GreyCat storage comparison

Introduction

GreyCat is a graph database designed to operate over massive datasets efficiently. In this view, it leverages various techniques and algorithms to compress data effectively. Data binary representation is key not only for disk storage space but also for reducing memory usage during computation. This compression can leverage type information given by developers of locality of time series for instance. However, float values are always sub-optimal due to their nature. Float series can be compressed by algorithms like gorilla however the situation is not ideal for individual values in column or type fields. Fortunately, developers often can define a maximal precision they are ready to accept within the storage and computation. GreyCat v7 leverages this definition with a @precision(0.01) annotation where devs can specify float values with max precision digits.

Storage comparison

To benchmark the effect of this, we will be using the following dataset to compare the storage efficiency of GreyCat v6, GreyCat v7 and Postgres. The data is a CSV file containing weather data from here. The dataset comprises approximately 800,000 rows and occupies 50MB of disk space. Here's a sample of the data:

valid,tmpc,dwpc,relh,drct,sknt,mslp,vsby,skyc1,skyc2,skyc3
1950-01-01 00:00:00,0,-2.22,85.12,20,12,1026.3,3,null,null,null
1950-01-01 03:00:00,-1.11,-2.22,92.23,20,8,1027.4,5,null,null,null
1950-01-01 09:00:00,-2.22,-5,81.11,20,8,1029.9,1.5,null,null,null
1950-01-01 12:00:00,0.56,-3.89,71.82,20,8,1031.4,2.5,null,null,null
1950-01-01 15:00:00,2.22,-3.33,66.97,20,6,1030.8,4,null,null,null
1950-01-01 18:00:00,0,-3.89,75,360,4,1031.9,1.25,null,null,null
1950-01-01 21:00:00,-2.22,-3.33,92.16,20,4,1032.8,1.25,null,null,null
1950-01-02 00:00:00,-4.44,-5,95.57,320,2,1032.8,1,null,null,null
1950-01-02 03:00:00,-5.56,-5.56,100,230,6,1032.1,1.5,null,null,null

Postgres

Here we use plain postgres table as a reference for storage size in a state-of-the-art database.

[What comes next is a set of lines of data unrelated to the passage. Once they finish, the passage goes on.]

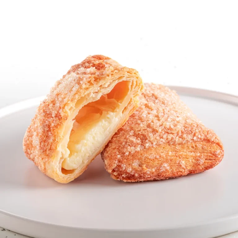 Ciastko francuskie nadziane twarożkiem waniliowym, posypane kryształkami cukru.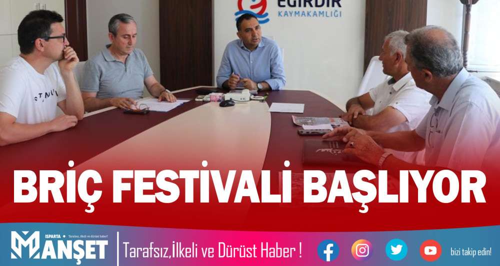 "7. Eğirdir Briç Festivali" koordinasyon toplantısı Kaymakam Adem Çelik Başkanlığında, Belediye Başkan Yardımcısı Erhan Savran, Gençlik ve Spor İlçe Müdürü Hakan Çelebioğlu, Federasyon hakemi skorizasyon sorumlusu Güray Serim ve Şener Sayı'nın katılımları ile gerçekleşti. 3 -6 Ağustos 2023 tarihleri arası yaklaşık 10-12 ilden 200 sporcusunun katılımları ile gerçekleşecek briç turnuvasının sponsorluğunu Eğirdir Belediyesi destekleyecek. 3 Ağustos günü Eğirdir Belediyesi sakin şehir kupası, 4 Ağustos günü Eğirdir Kaymakamlığı swiss takım kupası, 5 Ağustos günü Açık ikili 1. seans, 6 Ağustos günü Açık ikili 2. seans programı ile turnuvanın sonuçlanması planlanmıştır.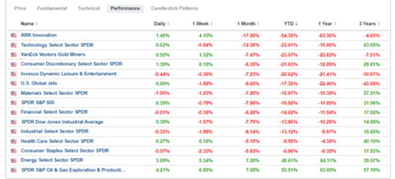 El índice de acciones de crecimiento a largo plazo (ARKK) muestra una baja del 54% en lo que va de 2022. Le sigue el sector tecnológico (XLK) que baja 23,6%, el sector de mineras (23%), consumo direccional y el de hotelería y ocio (21% de baja en promedio.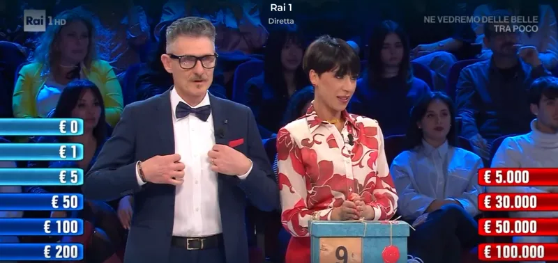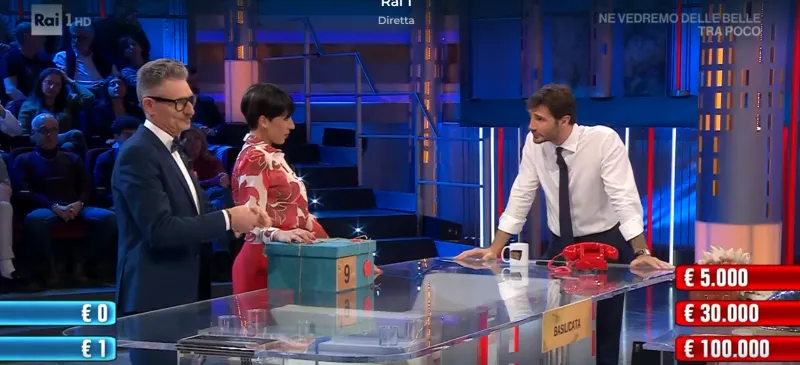 Nel pacco appena lasciato c'è 1 euro, quindi ha fatto bene a fare il cambio. Nel pacco numero 13 delle Marche ci sono 50 euro, perciò resta in gioco un solo pacco blu da zero euro e quattro pacchi rossi, da 5mila euro, 30mila euro, 100mila euro e 200mila euro.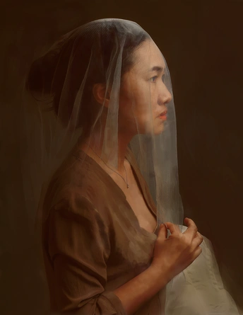 想有一张古典风格的自拍 面纱的细节很迷人 灯光加深了古典的氛围 保留了细节的同时 模拟了油画笔触 于是有了这张自拍作品by YeStudio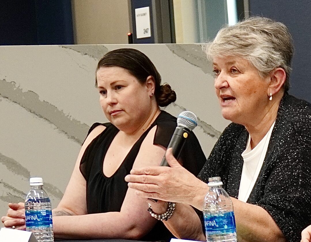 Joan Hawbaker, right, speaks at a Minot City Council candidate forum on Wednesday, April 15. At left is Nicole Brasfield.
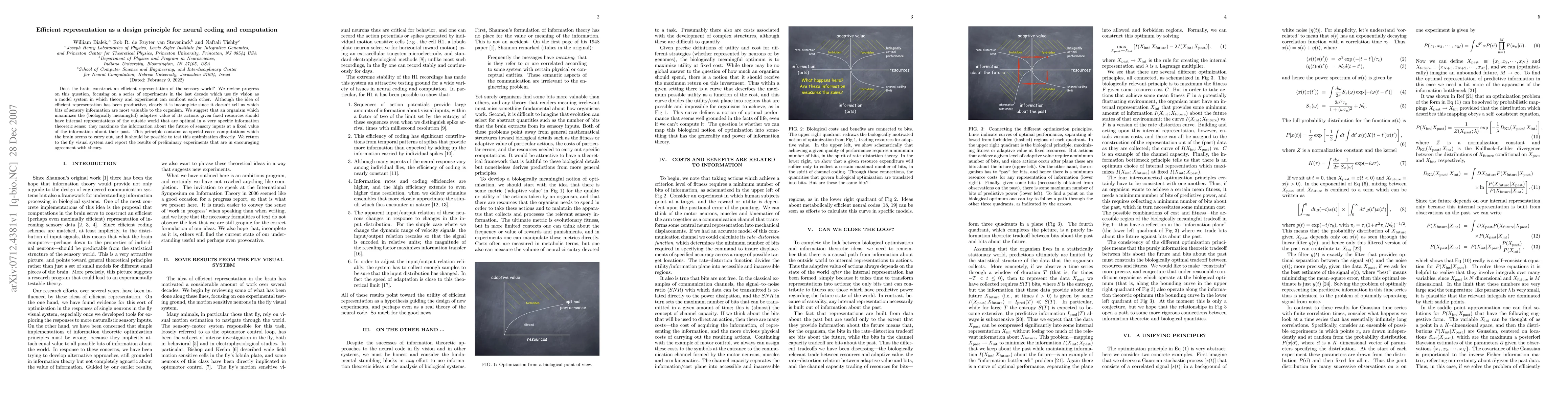 Does the brain construct an efficient representation of the sensory world? We review progress on this question, focusing on a series of experiments in the last decade which use fly vision as a model system in which theory and experiment can confront each other. Although the idea of efficient representation has been productive, clearly it is incomplete since it doesn't tell us which bits of sensory information are most valuable to the organism. We suggest that an organism which maximizes the (biologically meaningful) adaptive value of its actions given fixed resources should have internal representations of the outside world that are optimal in a very specific information theoretic sense: they maximize the information about the future of sensory inputs at a fixed value of the information about their past. This principle contains as special cases computations which the brain seems to carry out, and it should be possible to test this optimization directly. We return to the fly visual system and report the results of preliminary experiments that are in encouraging agreement with theory.
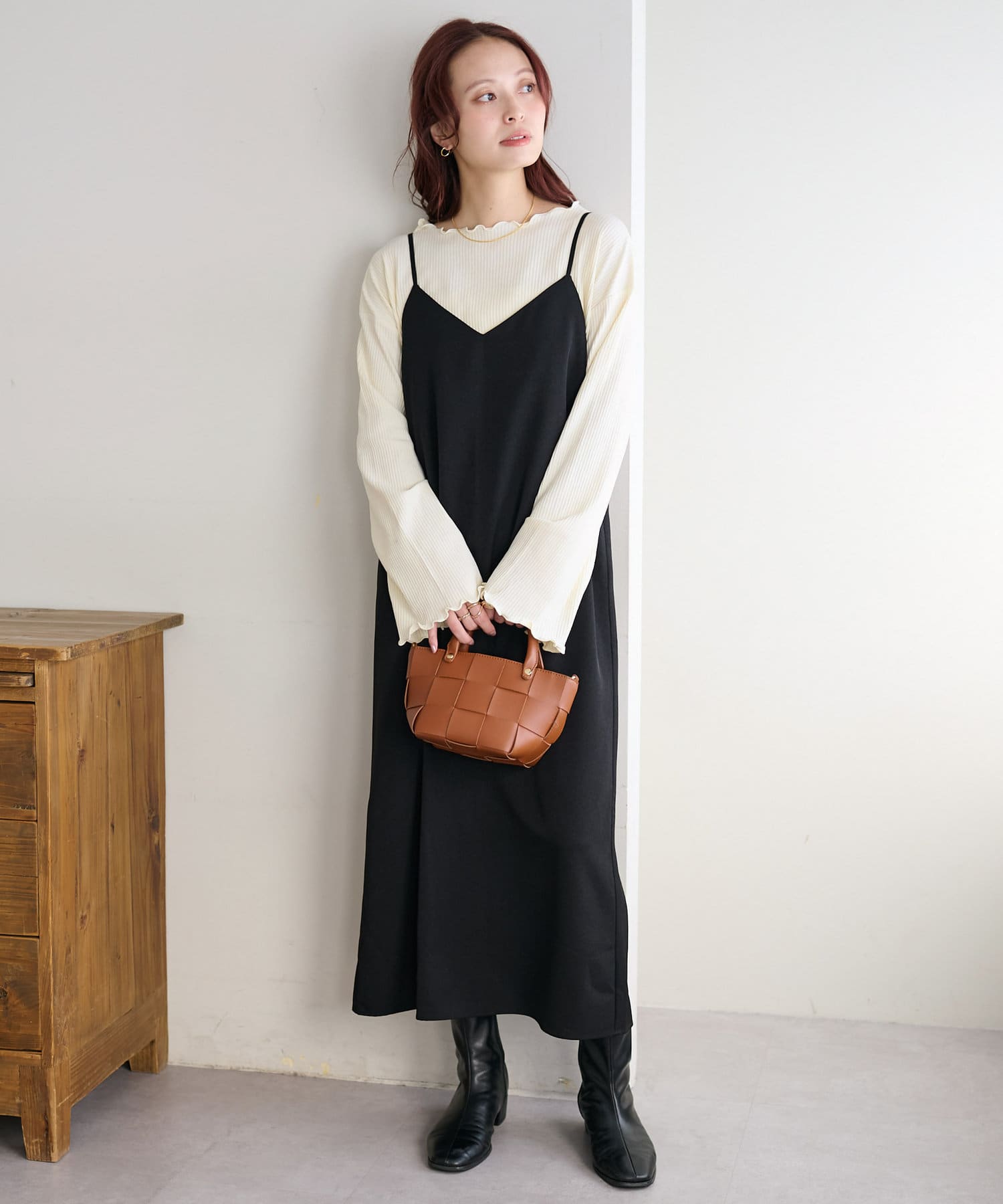 160cmスタッフ(Mサイズ着用):レイヤードスタイルにも使いやすい厚みで、ジャンスカやキャミワンピのインナーとしても活躍します。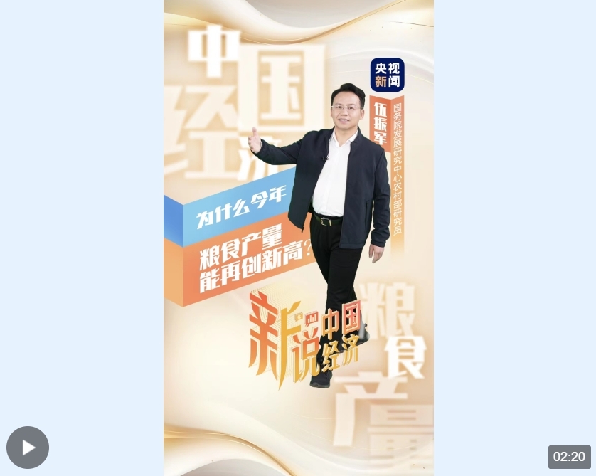 粮食安全是“国之大者”,中国人的饭碗任何时候都要牢牢端在自己的手上。《新说中国经济》带您看“丰收年”!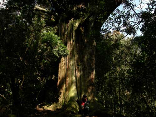 木全体の姿は到底、画面には収まらないのですが、樹冠は雷でも受けたのか痛々しく枯れかけています。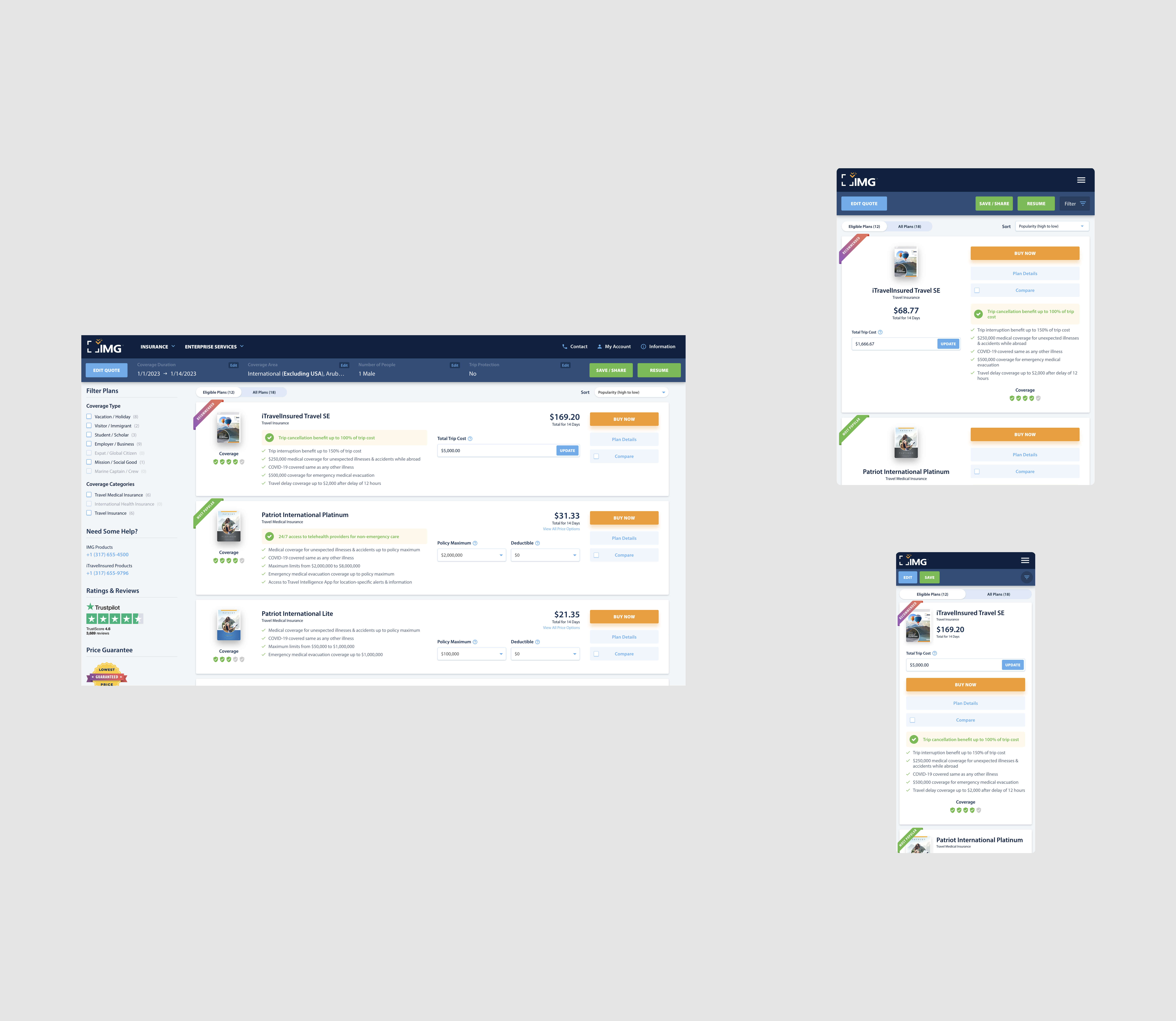 Personalized Plan Selection: The quote page's ability to populate qualified plans based on the information provided by the user in the pre-quote stage indicates a personalized approach. This feature helps users find insurance plans that align with their specific travel needs, enhancing the user experience by saving time and effort.

We will be using the following schema to store the data in Postgres:

CREATE TABLE weather_data(
   valid timestamp
  ,tmpc  FLOAT
  ,dwpc  FLOAT
  ,relh  FLOAT
  ,drct  INTEGER
  ,sknt  FLOAT
  ,mslp  FLOAT
  ,vsby  FLOAT
  ,skyc1 VARCHAR(4)
  ,skyc2 VARCHAR(4)
  ,skyc3 VARCHAR(4)
);

And populate the table using the following command:

\copy weather_data from '/weather_data.csv' CSV HEADER NULL 'null'

printing the size of the table using the following command:

SELECT pg_size_pretty( pg_total_relation_size('weather_data') );

We end up with a table that takes 77MB of disk space.

GreyCat v6

The same schema in GreyCat would look like this:

type WeatherData {
  tmpc: float?;
  dwpc: float?;
  relh: float?;
  drct: int?;
  sknt: float?;
  mslp: float?;
  vsby: float?;
  skyc1: String?;
  skyc2: String?;
  skyc3: String?;
}

We will be storing the data in a GreyCat nodeTime which uses the valid column timestamp as index:

var weather_series: nodeTime<WeatherData>;

Final size on the disk is 40MB.

GreyCat v7

The v7 introduces a new type decorator @precision that allows us to specify the precision of the floating point numbers, this can be used to reduce the size of the data stored in the database significantly.

type WeatherData {
  @precision(0.01)
  tmpc: float?;
  @precision(0.01)
  dwpc: float?;
  @precision(0.01)
  relh: float?;
  drct: int?;
  @precision(0.01)
  sknt: float?;
  @precision(0.01)
  mslp: float?;
  @precision(0.01)
  vsby: float?;
  skyc1: String?;
  skyc2: String?;
  skyc3: String?;
}

Final size on the disk is 20MB.

Conclusion

The storage efficiency of GreyCat, particularly in version 7 with the precision decorator, demonstrates a significant reduction in disk space usage compared to GreyCat v6 and PostgreSQL.

GreyCat is a compelling choice for applications requiring efficient storage of large datasets with numerous floating-point values.

Of course, fine-tuning is always possible for PostgreSQL and GreyCat. However, the goal is to create awareness about the importance of such techniques. This effect, measured as a few mega bytes can save terabytes on real projects.